Yeah, AI isn’t creative. You need to ask it to describe these types of patterns, and then include avoiding them in your original prompt to make it come across as somewhat natural.

What I wonder is whether the author of the article recognized these patterns and didn’t care, didn’t even recognize them, or didn’t proofread the article?

EForEndeavour

3 months ago

1 reply

I gather he's operating Beyond the Prompt, and isn't here to rehash prompt engineering tips.

collingreen

3 months ago

This made me chuckle

donnaoana

3 months ago

1 reply

it's not written by AI

sethaurus

3 months ago

You've said plainly elsewhere in these comments that you did use AI to write it:

> thanks, I used AI but aren't we all? I thought the point of AI is to get us to be more productive.

You've also repeatedly dismissed any criticism of the writing as "hate."

If you want readers to do you the favor of reading your work, please do them the favor of writing it.

nylonstrung

3 months ago

Are there any good lists of these GPTisms or research on the common patterns?

Beyond the em dashes and overuse of "delve" etc. there is this distinctive style of composition I want to understand and recognize better

tkgally

3 months ago

2 replies

I started to suspect a few paragraphs in that this post was written with a lot of AI assistance, but I continued to read to the end because the content was interesting to me. Here's one point that resonated in particular:

"There’s a missing primitive here: a secure, portable memory layer that works across apps, usable by the user, not locked inside the provider. No one’s nailed it yet. One panelist said if he weren’t building his current startup, this would be his next one."

ares623

3 months ago

2 replies

Isn’t that markdown files?

tkgally

3 months ago

1 reply

I was thinking about consumer-facing AI products, where md files controlled by the user presumably wouldn’t fly.

I find it annoying that, when prompting ChatGPT, Claude, Gemini, etc. on personal tasks through their chat interfaces, I have to provide the same context about myself and my job again and again to the different providers.

The memory functions of the individual providers now reduce some of that repetition, but it would be nice to have a portable personal-memory context (under my control, of course) that is shared with and updated semiautomatically by any AI provider I interact with.

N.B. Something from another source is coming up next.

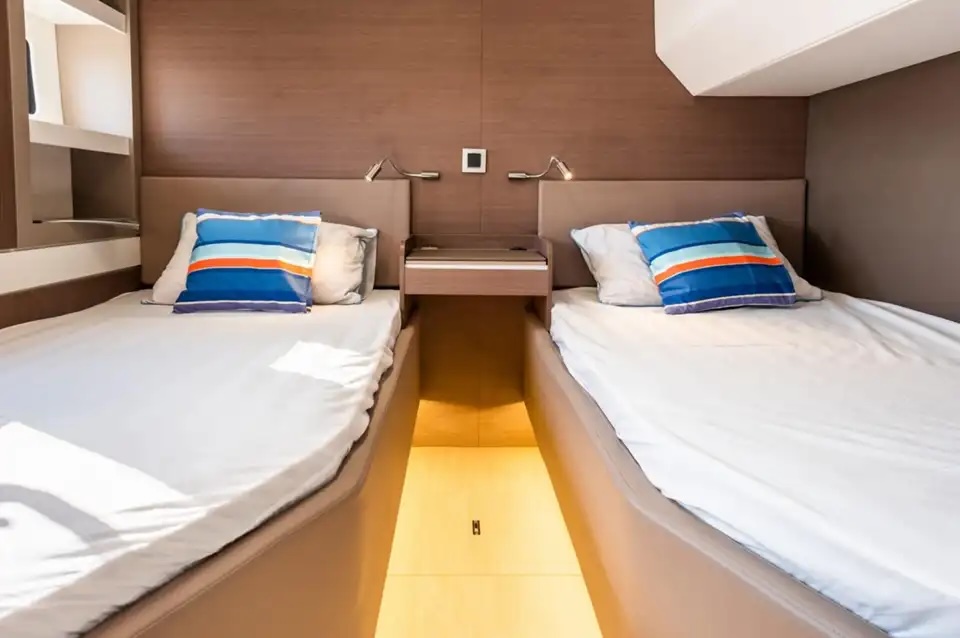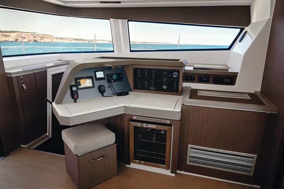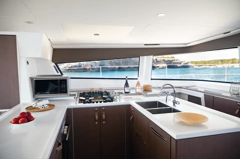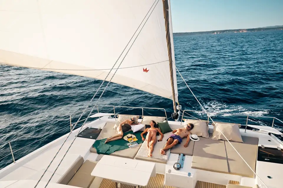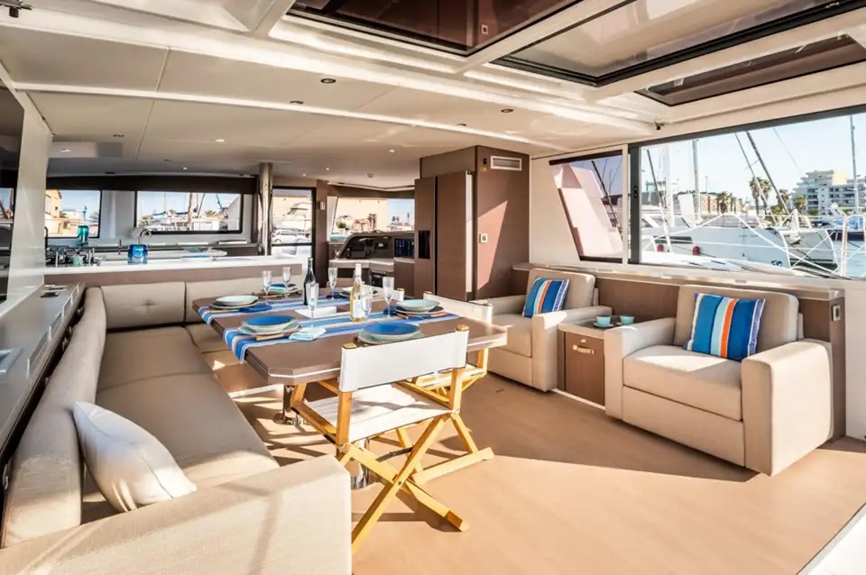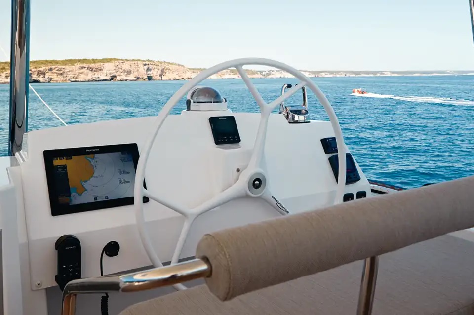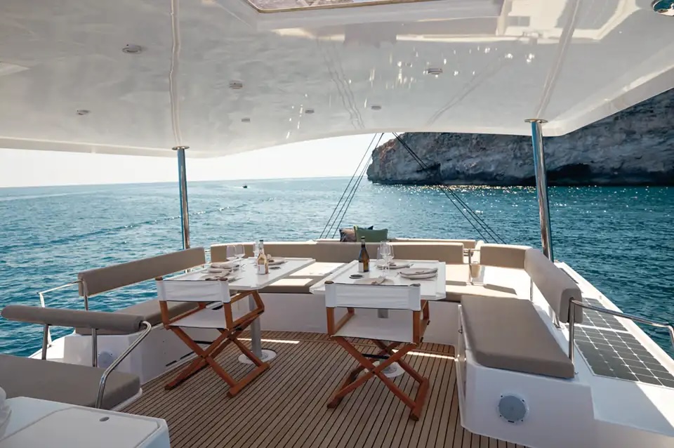 The top deck is partially shaded, with a spacious cockpit area and a seating lounge near the helm. The overall design prioritizes open spaces, visibility, and comfort, making this catamaran suitable for leisure and cruising. The surrounding landscape shows a coastal area with mountainous terrain and buildings, likely near the Mediterranean, adding to the sense of luxury and relaxation the boat offers.

As isoprophlex suggests in a sister comment, though, that would be hard to monetize.

ares623

3 months ago

Brb going to squat openmemory.org

Edit: Aaaand it’s gone.

isoprophlex

3 months ago

Sheesh how ever will you monetize a text file

Will someone please think of the MRR!

donnaoana

3 months ago

thanks, I used AI but aren't we all? I thought the point of AI is to get us to be more productive. But that's only after I came up with the questions for the speakers and I wrote a draft of the blog, and the penelists read it, added comments and I published. It seems I get a lot of hate here for it, but I am happy with the number of engineers and founders sharing feedback that this was useful to them. I'm not forcing anyone to read my content, but if people want to put the time to hate on it, it's their choice.

geoffbp

3 months ago

1 reply

And the Oxford comma

collingreen

3 months ago

Nooooo I believe in the oxford comma don't let them drag it down! :(

scotty79

3 months ago

It did good enough job for me to skim it.

donnaoana

3 months ago

thanks for the hate, they did love it indeed, the questions I've asked them, the draft I wrote for them to read, and published only after they read and added comments. I am curious, do you not use AI? isn't the point to polish things and make it more efficient? I am curious if there was anything useful to you in the article or if you have constructive criticism? I was sad to read some of the hate, but overall, I am very happy with the many notes form founders and builders who found it useful.

carimura

3 months ago

the future is now where debates about human vs machine will influence our trust and enjoyment! I read the article wondering how much of it was AI generated (new worry!), but also how biased it was based on the authors startup business interest (old worry!), and concluded that if I learned something about the panel it was worth the 5 minutes. Or maybe 2 minutes if an AI summarized it.

esperent

3 months ago

> the number one tell of LLM output, besides the tone, is that by default it will never include links in the body of the post.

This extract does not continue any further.